HELMER (contenant sa voix)
Il avait joliment bu.

NORA (distraite)
Peut-être bien…
(HELMER sort les clefs de sa poche et passe dans l'antichambre.)

NORA
Torvald, que vas-tu faire ?

HELMER
Je veux vider la boîte aux lettres : elle est toute pleine ; il n'y aura pas de place pour les journaux demain matin…

NORA
Tu veux travailler cette nuit ?

HELMER
Tu sais bien que non… Qu'est-ce à dire ? On a touché à la serrure.

NORA
À la serrure ?…

HELMER
Il n'y a pas de doute. Qu'est-ce que cela peut signifier ? Je ne peux croire que les bonnes ?… Voici un bout d'épingle à cheveux. Nora, c'est une de tes épingles.

NORA (vivement)
Ce sont peut-être les enfants…

HELMER
Tu devrais vraiment leur ôter cette habitude. Hum, hum… allons, la voici ouverte tout de même. (Il prend le contenu de la boîte et appelle.)
Hélène ?… Hélène ! éteignez la lampe de l'entrée.
(Il rentre et ferme la porte de l'antichambre.)

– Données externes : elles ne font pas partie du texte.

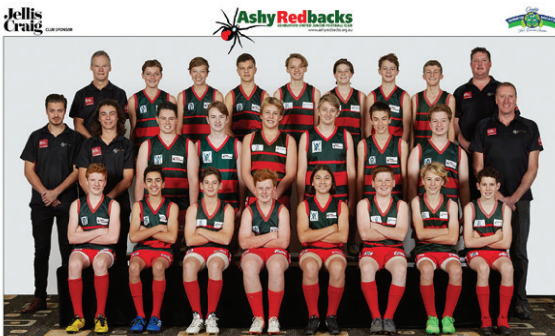
UNDER 14 GREEN - 2018

As coaches, we couldn't have been placed in a better situation. We had an incredible playing group who always wanted to learn and improve. The parents and supporters were always there for us and extremely helpful, and the Club gave us everything we needed to succeed. We look forward to the future.

HELMER (tenant les lettres)
Regarde : comme il y en a. (Il examine les enveloppes.)
Qu'est-ce que c'est que cela ?

NORA (à la fenêtre)
Cette lettre ! Non, non, Torvald !

HELMER
Deux cartes de visite… de Rank.

NORA
Du docteur ?

HELMER (les regardant)
Rank, docteur en médecine. Elles étaient sur les lettres… il les aura jetées en sortant.

NORA
Y a-t-il quelque chose d'écrit ?

HELMER
Il y a une grande croix au-dessus du nom. Regarde. Quelle vilaine plaisanterie ! C'est comme s'il faisait part de sa propre mort.

NORA
C'est ce qu'il fait en réalité.

HELMER
Quoi ? Que sais-tu ? T'aurait-il dit quelque chose ?

NORA
Oui. Les cartes signifient qu'il a pris congé de nous pour toujours. Il veut s'enfermer et mourir.

HELMER
Mon pauvre ami ! Je savais que je ne le garderais pas longtemps. Mais si tôt que cela. Et il va se cacher, comme un animal blessé.

NORA
Si cela doit se faire, il vaut mieux que cela se fasse sans une parole. N'est-ce pas, Torvald ?

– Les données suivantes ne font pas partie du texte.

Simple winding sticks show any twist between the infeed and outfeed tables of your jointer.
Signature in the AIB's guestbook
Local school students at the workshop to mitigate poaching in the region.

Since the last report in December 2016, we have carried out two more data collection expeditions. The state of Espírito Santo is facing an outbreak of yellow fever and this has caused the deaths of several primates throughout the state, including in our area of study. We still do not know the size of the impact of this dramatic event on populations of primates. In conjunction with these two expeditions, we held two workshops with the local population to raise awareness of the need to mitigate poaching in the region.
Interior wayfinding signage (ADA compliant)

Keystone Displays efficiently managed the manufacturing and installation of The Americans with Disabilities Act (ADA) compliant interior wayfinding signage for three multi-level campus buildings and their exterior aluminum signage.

HELMER (arpentant le salon)
Il était devenu membre de la famille. Je ne puis me le représenter parti. Avec ses souffrances, avec son humeur solitaire, il constituait comme un fond d'ombre au tableau ensoleillé de notre bonheur… Allons, cela vaut peut-être mieux. Du moins pour lui. (Il s'arrête.)
Et peut-être aussi pour nous, Nora. Maintenant, nous voici exclusivement voués l'un à l'autre. (Il la prend dans ses bras.)
Ah ! ma bien-aimée, ma femme ; je ne te serrerai jamais assez étroitement. Tu sais, Nora… souvent je te voudrais menacée d'un danger, pour pouvoir exposer ma vie, donner mon sang, risquer tout, tout pour te protéger.

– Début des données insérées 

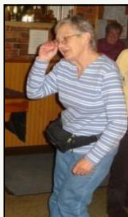
Dancing up a storm at the 2006 CSC in Kitchener Ontario

She says she loves Shuffleboard and still has lots of games left in her!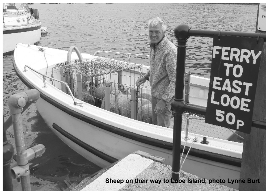
Sheep on their way to Looe Island

NORA (se dégageant d'une voix ferme et résolue)
Maintenant, lis tes lettres, Torvald.

HELMER
Non, non, pas cette nuit… Je veux rester avec toi, ma chère, chère petite femme.

NORA
Avec l'idée de ce mort, de ton ami ?…

HELMER
Tu as raison. Cela nous a remué tous les deux. Quelque chose de laid s'est glissé entre nous : l'idée de la mort et de la dissolution. Il faut que nous cherchions à nous en affranchir. Jusque-là… Nous allons nous retirer chacun chez soi.

NORA (se jetant à son cou)
Bonsoir, Torvald… bonsoir !

HELMER (la baisant au front)
Bonsoir, mon petit oiseau chanteur. Dors en paix, Nora. Je vais parcourir les lettres.(Il passe dans son bureau, emportant les lettres, et referme la porte derrière lui.)
NORA, tâtonnant autour d'elle, les yeux hagards, saisit le domino de HELMER et s'en (enveloppe, en disant d'une voix brève, râlante, saccadée.)
— Ne plus jamais le revoir. Jamais, jamais, jamais. (Elle met son châle sur la tête.)
Et les enfants : ne plus les revoir, eux non plus. Oh ! cette eau glacée, noire. Oh, cette chose… cette chose sans fond… Ah ! si seulement c'était déjà fini ! Maintenant il la prend, il la lit. Non, non, pas encore. Adieu, Torvald, toi et les enfants.
(Elle se précipite vers la porte d'entrée. Au même moment HELMER ouvre violemment celle de son bureau et paraît, une lettre dépliée à la main.)

HELMER
Nora !

NORA (jetant un cri perçant)
Ah !

HELMER
Que veut dire ?… Sais-tu ce que contient cette lettre ?

NORA
Oui, je le sais. Laisse-moi partir ! Laisse-moi m'en aller !

HELMER (la retenant)
Où vas-tu ?

NORA (essayant de se dégager)
Tu ne me sauveras pas, Torvald.

HELMER (se reculant)
C'est donc vrai ! Cette lettre dit vrai ? Horreur ! Non, non, c'est impossible, cela ne se peut pas.

NORA
C'est la vérité. Je t'ai aimé plus que tout au monde.

HELMER
Ah, trêve de niaiseries !

NORA (faisant un pas vers lui)
Torvald !…

HELMER
Malheureuse ! qu'as-tu osé faire ?

NORA
Laisse-moi partir. Tu ne porteras pas le poids de ma faute, tu ne répondras pas pour moi.

HELMER
Pas de comédies ! (Il ferme la porte de l'antichambre.)
Tu resteras là, et tu me rendras compte de tes actes. Comprends-tu ce que tu as fait ? Dis, le comprends-tu ? NORA le regarde avec une raideur croissante dans l'expression et dit d'une voix mate. — Oui, maintenant je commence à comprendre le fond des choses.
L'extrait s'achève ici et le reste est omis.